The story begins at Ayodhya. The locale derives its name from the Sanskrit term 'Ayudha' meaning 'without war', and is located on the banks of the Sarayu river near Faizabad in Uttar Pradesh. A certain Mughal general, Mir Baqi, on the orders of Mughal Emperor Babur 1528-29 AD (Hijri Year 1935), constructed a mosque in the city after allegedly demolishing a local temple, which 'locals believed to be the birthplace of Lord Rama.' The mosque acquired the name Babri Masjid and became the centre of a dispute between the local communities, especially after the decline of Mughal power in the mid-nineteenth century.

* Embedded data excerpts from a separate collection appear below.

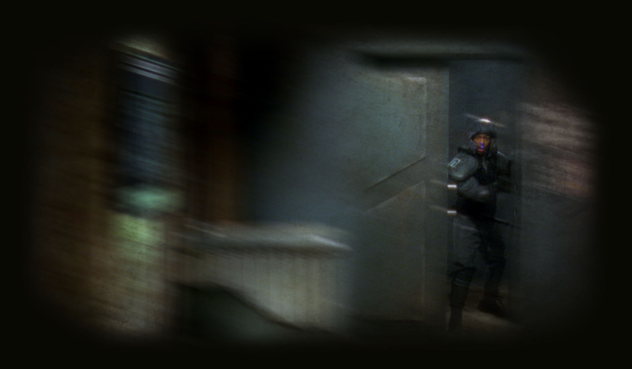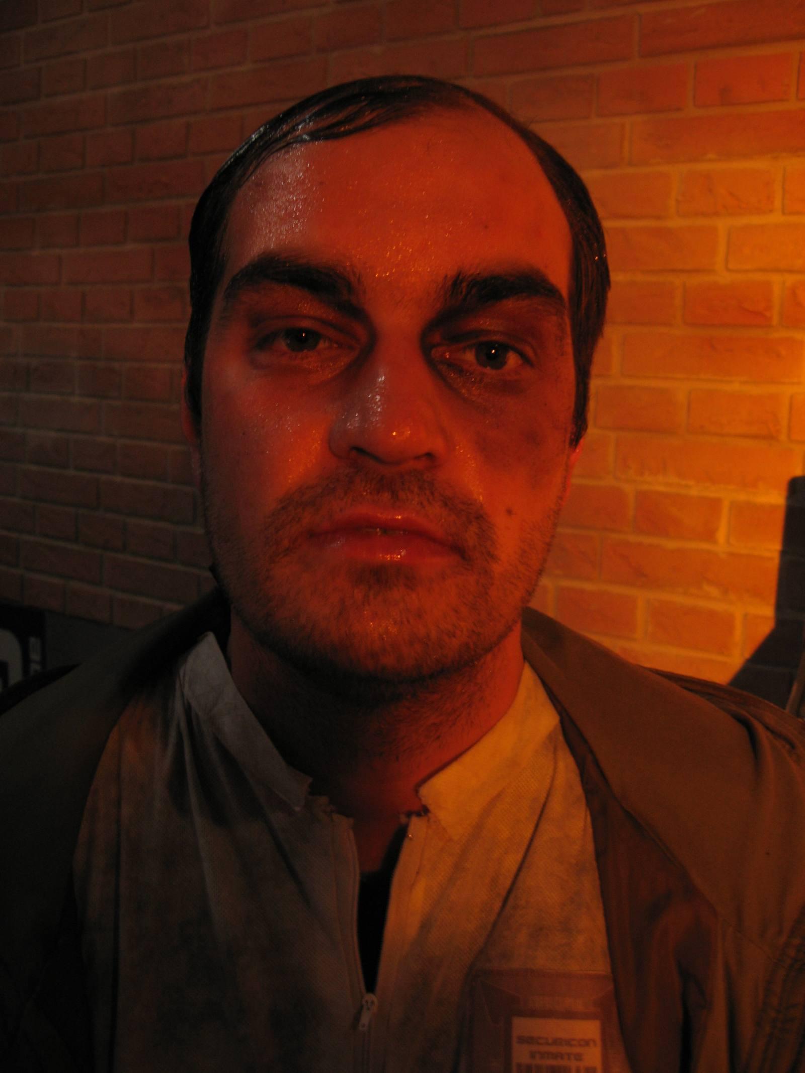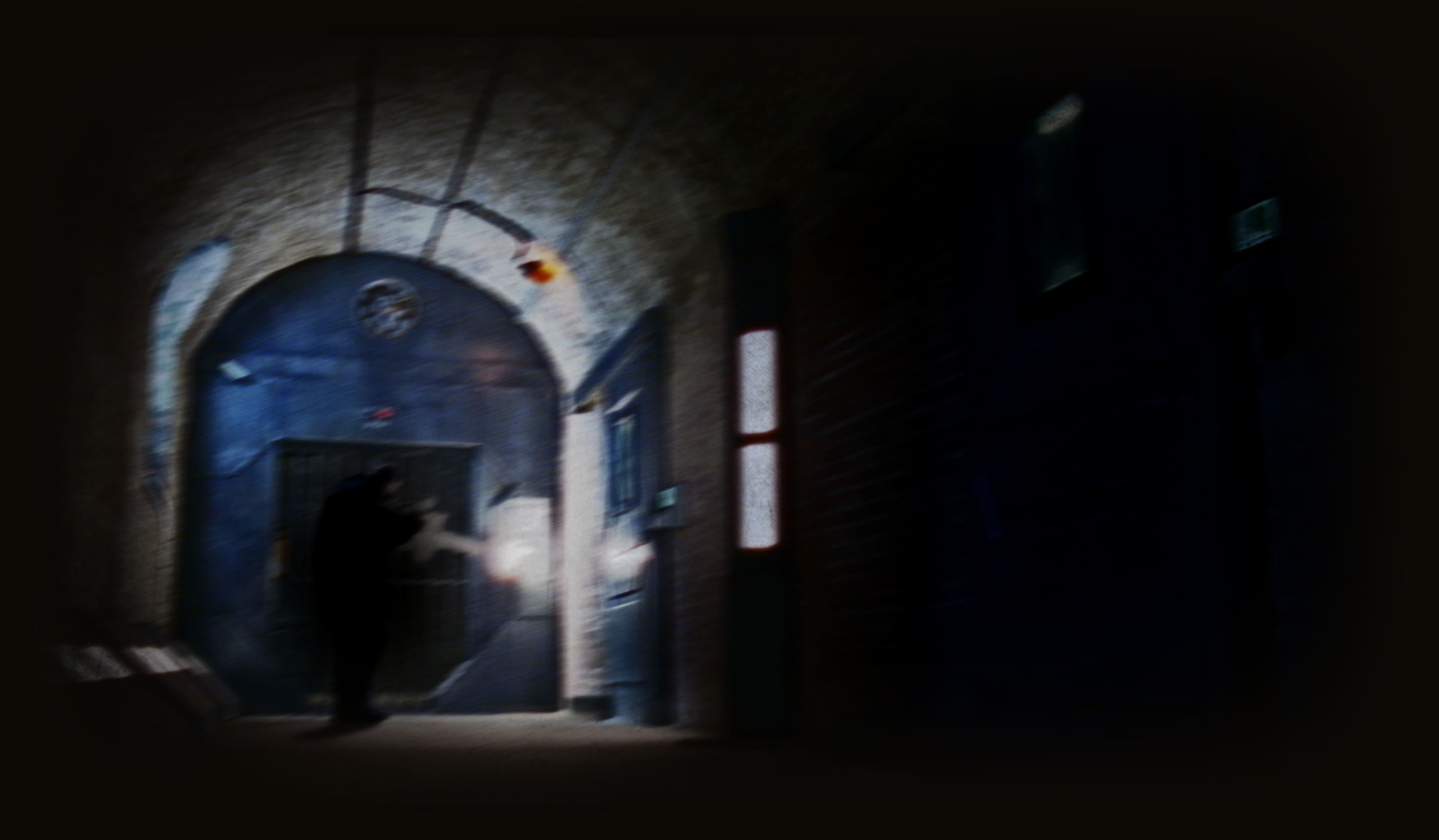Hanno managed to turn the cell set´s door. I need some shots of prisoners inside the cell, behind the door´s window. I use all people available for this: Julian, Ralf, all of them to have as much different footage as possible. Especially Julian is fun to watch, for he goes completely mad, yelling like crazy. I put the rest of the crew in guards costumes, no matter if they fit or not, even the girls are dressed as guards now. After I yell “Action!” all these people start to run around the camera now, crossing the view on the cell door with the inmate looking out. It´s a tight shot. It is supposed to look like people running through the cell block corridor from phase I and it works perfectly. It´s a very funny situation though, looks like we went completely nuts.
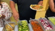 Frau serviert Salsa Verde über ihren mexikanischen Tacos in einem mexikanischen Buffet - 4K Stock-Video
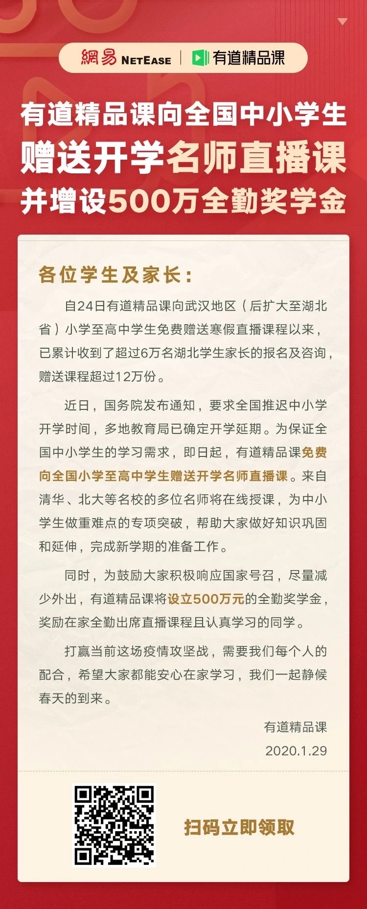 직장인뿐 아니라 초중고등학교 등의 학생들 또한 일상이 멈추었습니다. 중국 전역의 학생들의 학업에도 큰 지장을 줄 수 있는 상황에 한 유명 인강 업체가 이를 지원하고 있습니다. 베이징대 , 칭화대 등 명문대 출신의 인기 강사의 라이브 강의를 전국 초중고생에게 무료로 제공하고 있으며 이와 함께 학생들의 외출 자제를 독려하기 위해 500만 원의 출석 장학금 이벤트 또한 자체적으로 진행하고 있습니다. 학생들은 자신의 학년과 커리큘럼을 선택한 후 인강 시청이 가능하며 등록 후 전해진 시간에 출석과 학습이 가능합니다.
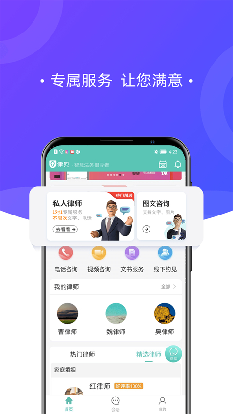 首先我们打开软件进入首页,在这里可以看到各类法律服务和推荐律师。首页设计简洁明了,用户可以根据需求选择不同的咨询入口。如果是首次使用,系统会引导完成简单的注册流程。
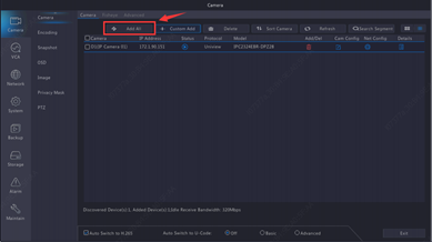 C. Click 【Custom Add】. In the pop-up window as displayed below, enter the IP address and complete other settings, and then click Add. You may also click Search Segment and add discovered cameras in the list.
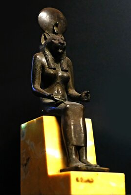 Sekhmet [1] la puissante est une déesse de la mythologie égyptienne. Elle est représentée par une femme à tête de lionne portant d’abord l’uraeus, puis, par la suite, le disque solaire ; de sa bouche de lionne sortent les vents du désert.
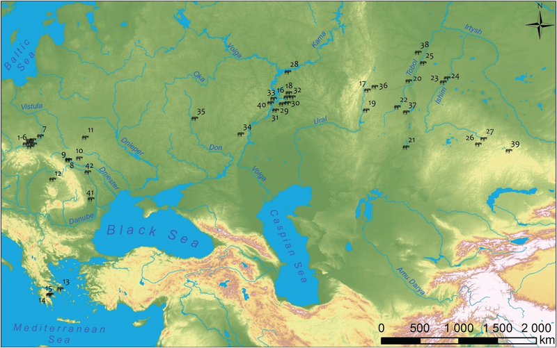 - Dispersion of double-horse burials ca. 2000-1400/1300 BCE.[15] Horses were domesticated on the Pontic-Caspian steppe.[16]
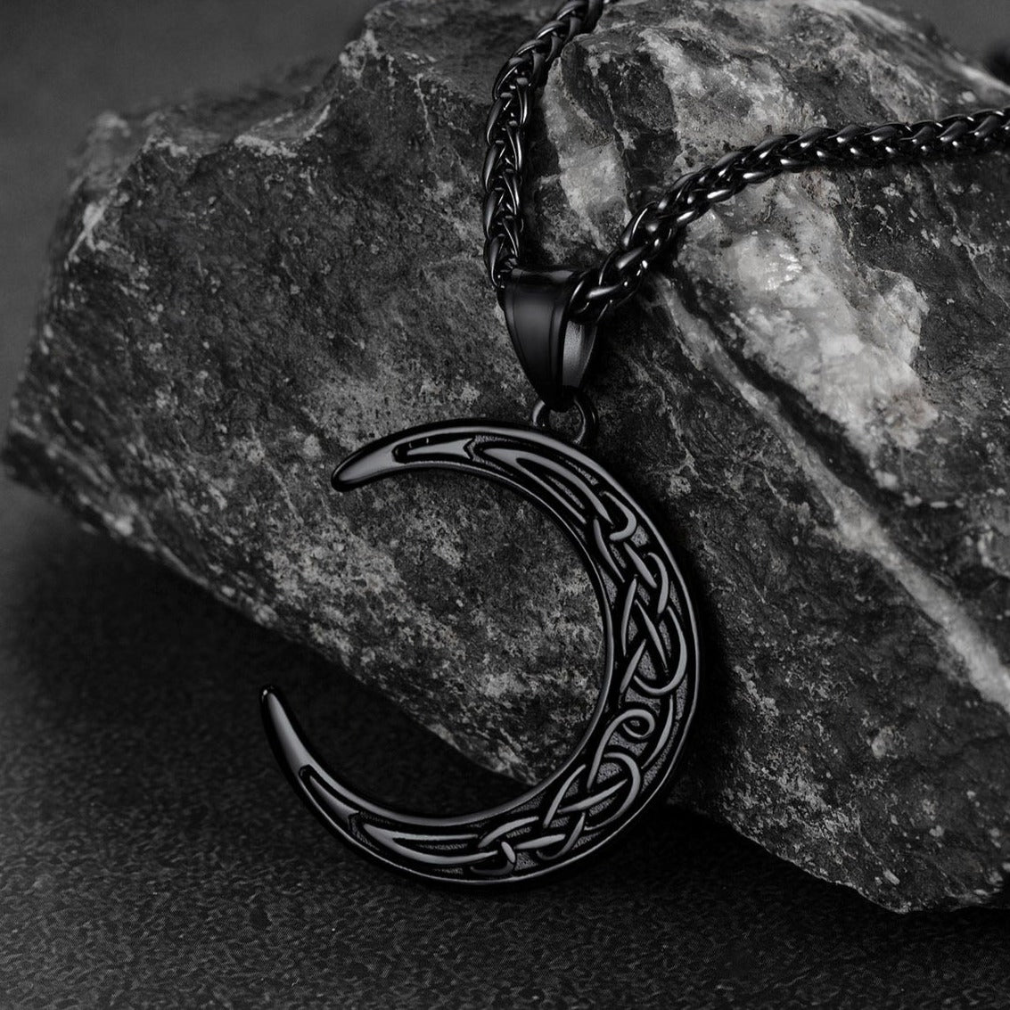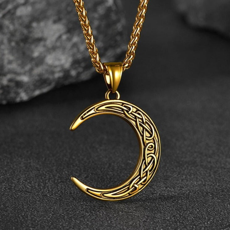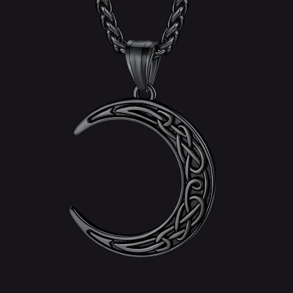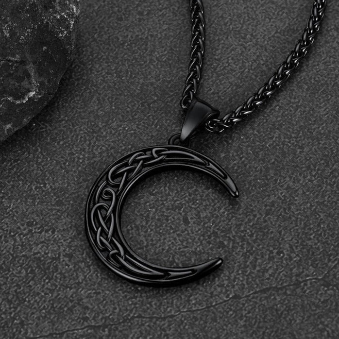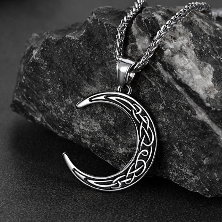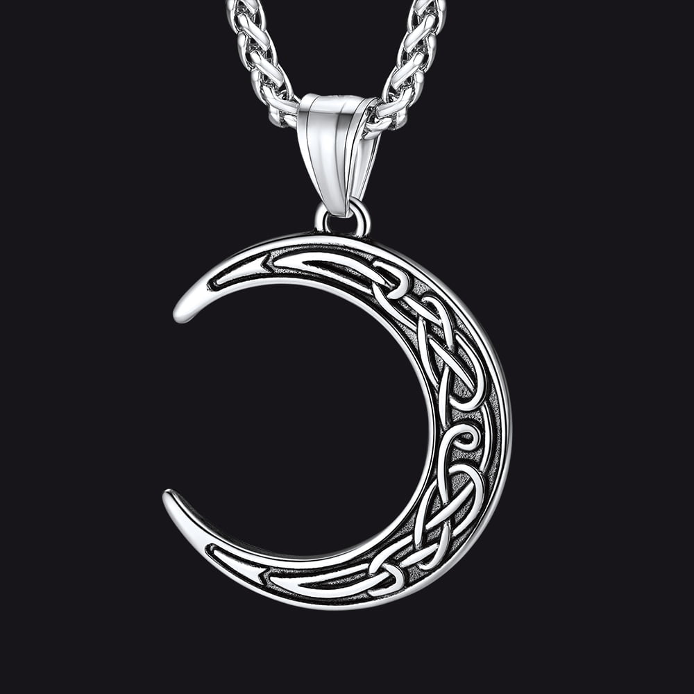 Elegante colar celta para homens/mulheres, com pingente de lua crescente, símbolo do ciclo da vida em constante mudança e repetição, com nós celtas decorativos. Design de colar de lua crescente para almas quebradas, ótimo acessório para homens/mulheres. Este colar de lua celta é feito de aço inoxidável 316L, hipoalergênico.

In 1853, a local Hindu sect called Nirmohi Akhara, began to claim ownership of a courtyard adjunct to the mosque, named 'Ram Chabutara'. The dispute was sporadically violent in the 1850s, till the local colonial administration stepped in to construct a boundary in the compound between the Ram Chabutara and the Babri Masjid, with the local Hindus offering prayers in the outer courtyard and the Muslims praying in the inner courtyard.

In 1885, the dispute became the subject of a civil lawsuit filed by Raghubar Das, the Mahant of Ram Chabutara, before the Faizabad Sub Judge and later the District Judge who acknowledged the grievance of the local Hindus but ordered a status quo to be maintained as it was "too late now to remedy it."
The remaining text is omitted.